Despite living in Nova Scotia, McCarron managed to establish himself in the American comics scene. He drew, inked and coloured many war and western-themed stories for Charlton Comics, and later working for DC, before settling at Marvel Comics working on Ghost Rider, Spidey Super Stories, and other titles, including Marvel Fun and Games.

McCarron's reputation for speed and reliability made him one of Stan Lee’s go-to men for emergency work. In the early 1960s he had the opportunity to do a cover (never published) for a new Marvel comic called Spider-Man. That alternate take on the cover to The Amazing Spider-Man #10 remains with McCarron's family to this day.

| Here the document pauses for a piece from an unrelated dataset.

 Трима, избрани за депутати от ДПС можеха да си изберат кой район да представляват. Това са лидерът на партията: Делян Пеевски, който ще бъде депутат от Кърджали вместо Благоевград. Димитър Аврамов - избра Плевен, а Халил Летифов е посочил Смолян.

Owen McCarron died in 2005. A productive storyteller and historian, McCarron was spotted just days before his death at his local library, hard at work on his next project. On December 6, 2017, twelve years after his death, the Halifax Herald published a cartoon he had drawn in anticipation of the 100th anniversary of the Halifax Explosion.

==Awards==
The walls of McCarron's home were festooned with countless gifts he'd received of signed original artwork, including some by Charles Schulz, Alex Raymond, and many others. There were also signed letters from President Ronald and Nancy Reagan as well as Bill Clinton, thanking Owen McCarron for his lifetime of comic art.

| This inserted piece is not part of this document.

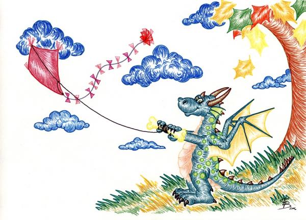 Dra: Na nic nemusíš kašlat, klasický drak "Baba" má váhy právě jen z obou konců svislé tyčky. Jiná věc je poloha vah (místo úvazu), ale protože perspektiva je "potvora", je těžké usoudit, zda je vše v pořádku a proto je nejlepší předpokládat, že ano. Jinak nechápu (když už je to druhý Tvůj obrázek, kdy Drak pouští draka), že jsi tenkrát nevylezla z čajovny a nešla pouštět "na ostro", ne jen na papíře...

Among his numerous honours was a Nova Scotia Environment Award for advancing environmental concerns through perspective written stories from his various characters. In 2006, the year after his death, he was inducted into the Joe Shuster Award's Canadian Comic Book Creator Hall of Fame, which celebrates that achievements of landmark Canadian comics artists such as McCarron.

==Death==
McCarron died June 27, 2005, and was survived by his wife, Dorothy, four sons and a stepdaughter.